[Data below — start]
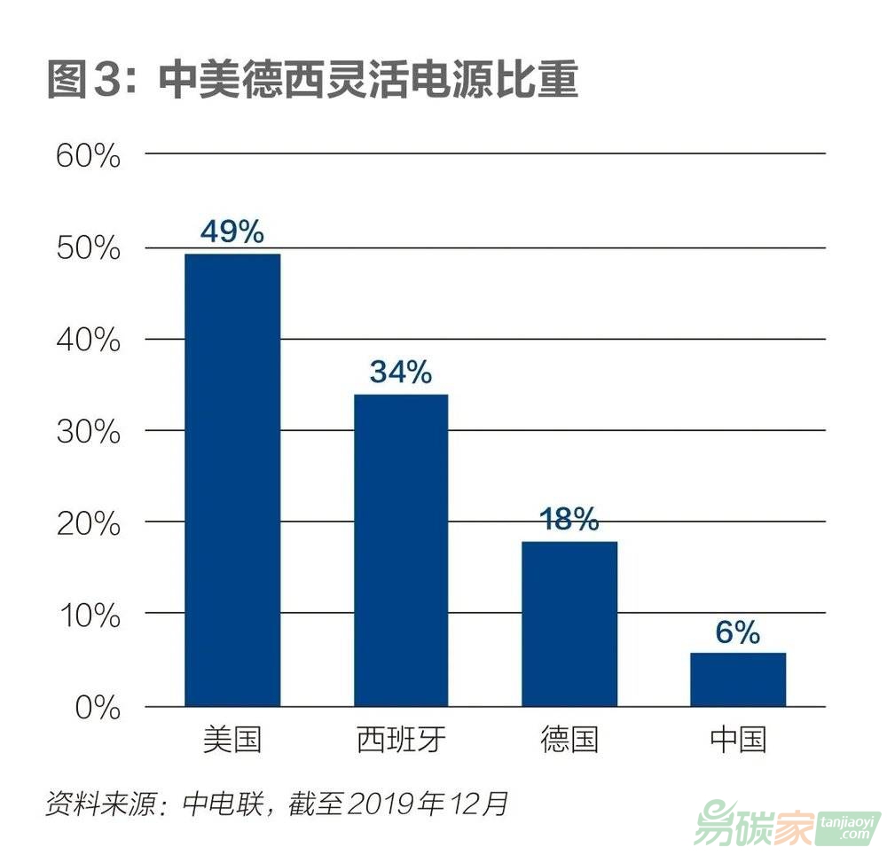 中電聯(lián)2019年12月發(fā)布的《煤電機組靈活性運行政策研究》顯示,歐美國家的靈活電源比重普遍較高,西班牙、德國、美國占比分別為34%、18%、49%,而中國占比不到6%。在中國新能源資源富集的三北地區(qū),風電、太陽能發(fā)電裝機分別占全國的72%、61%,但靈活調(diào)節(jié)電源還不足3%。
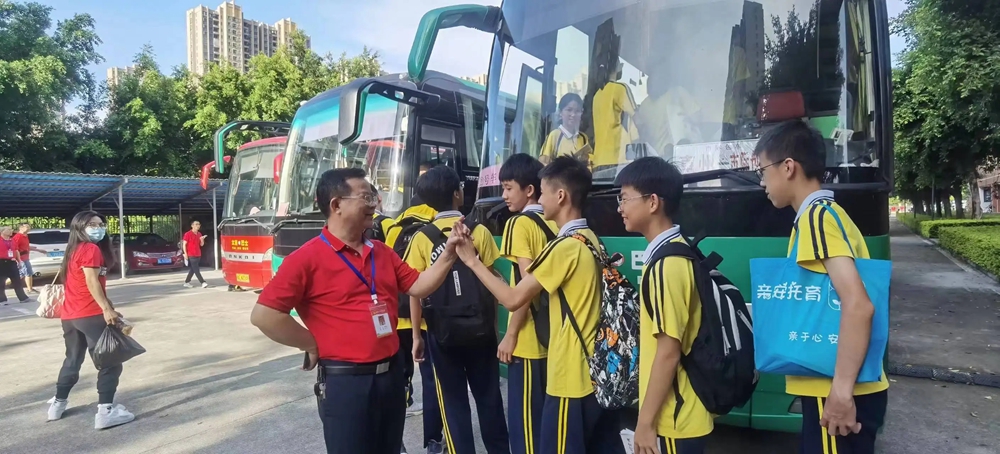 惠州市合生實(shí)驗(yàn)學(xué)校的考生們今年在惠州市惠城區(qū)尚書實(shí)驗(yàn)學(xué)?键c(diǎn)考試。昨日,學(xué)校特意安排了幾輛大巴車,將考生們集體送往考點(diǎn)!凹佑!”出發(fā)前,學(xué)校領(lǐng)導(dǎo)和老師們統(tǒng)一身穿紅色衣服,排隊(duì)一一與每一位考生擊掌,為他們加油打氣。
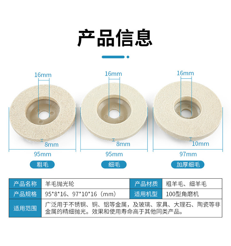 Rueda de lana Rueda de pulido de espejo Bola de lana Espesar Amoladora angular Vidrio pulido Metal Acero inoxidable Piedra Pulido
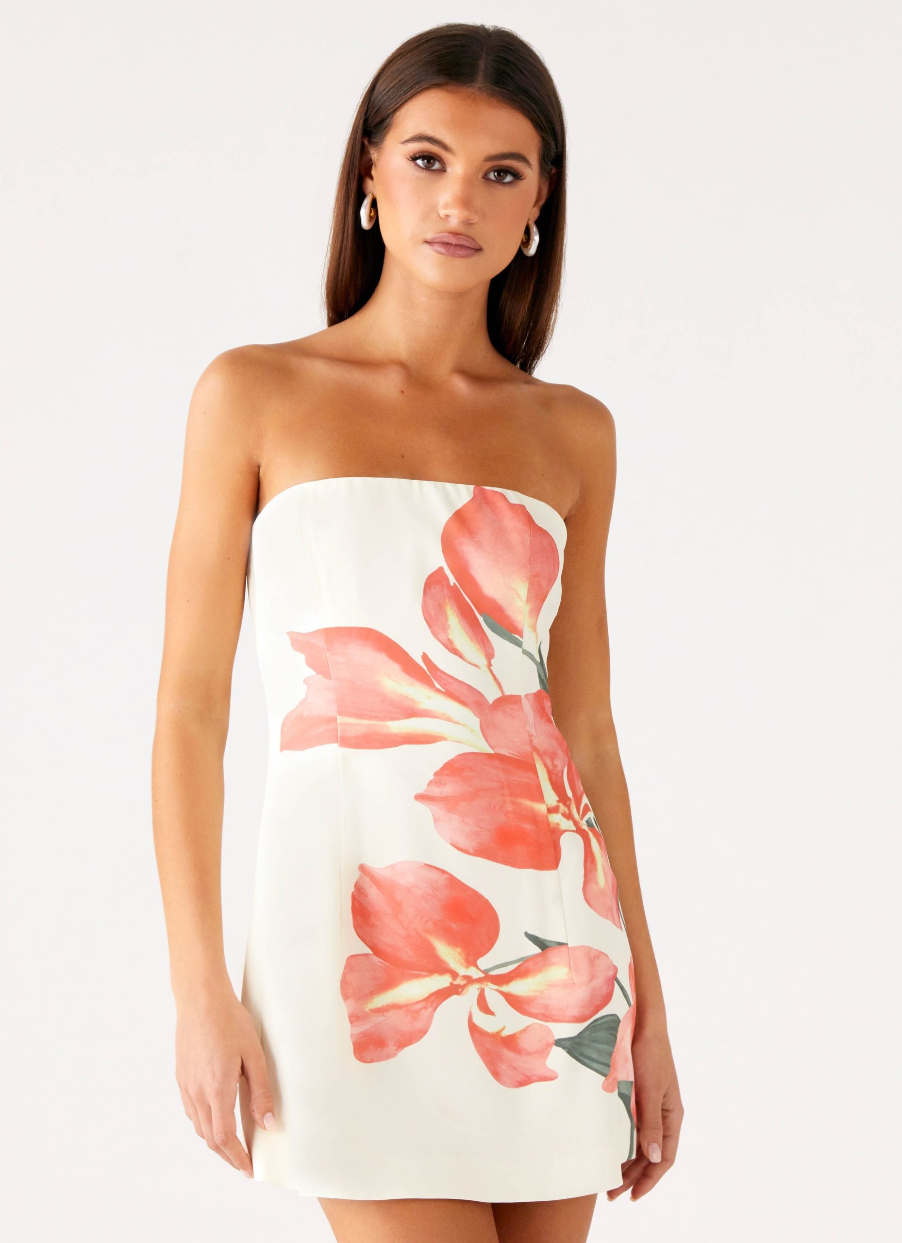 This strapless mini dress combines elegance with a contemporary twist. featuring silicone neckline taping to ensure a secure fit. The side hook-and-eye fastening and invisible zipper offer practicality. while the exclusive print and unique placement make this dress a must-have for your collection.
[Data below — finish]
● **Your assignment**:
The expected result is the data above in exact form, free of pictures.

● **Output of the exercise**:
 中電聯(lián)2019年12月發(fā)布的《煤電機組靈活性運行政策研究》顯示,歐美國家的靈活電源比重普遍較高,西班牙、德國、美國占比分別為34%、18%、49%,而中國占比不到6%。在中國新能源資源富集的三北地區(qū),風電、太陽能發(fā)電裝機分別占全國的72%、61%,但靈活調(diào)節(jié)電源還不足3%。
 惠州市合生實(shí)驗(yàn)學(xué)校的考生們今年在惠州市惠城區(qū)尚書實(shí)驗(yàn)學(xué)?键c(diǎn)考試。昨日,學(xué)校特意安排了幾輛大巴車,將考生們集體送往考點(diǎn)!凹佑!”出發(fā)前,學(xué)校領(lǐng)導(dǎo)和老師們統(tǒng)一身穿紅色衣服,排隊(duì)一一與每一位考生擊掌,為他們加油打氣。
 Rueda de lana Rueda de pulido de espejo Bola de lana Espesar Amoladora angular Vidrio pulido Metal Acero inoxidable Piedra Pulido
 This strapless mini dress combines elegance with a contemporary twist. featuring silicone neckline taping to ensure a secure fit. The side hook-and-eye fastening and invisible zipper offer practicality. while the exclusive print and unique placement make this dress a must-have for your collection.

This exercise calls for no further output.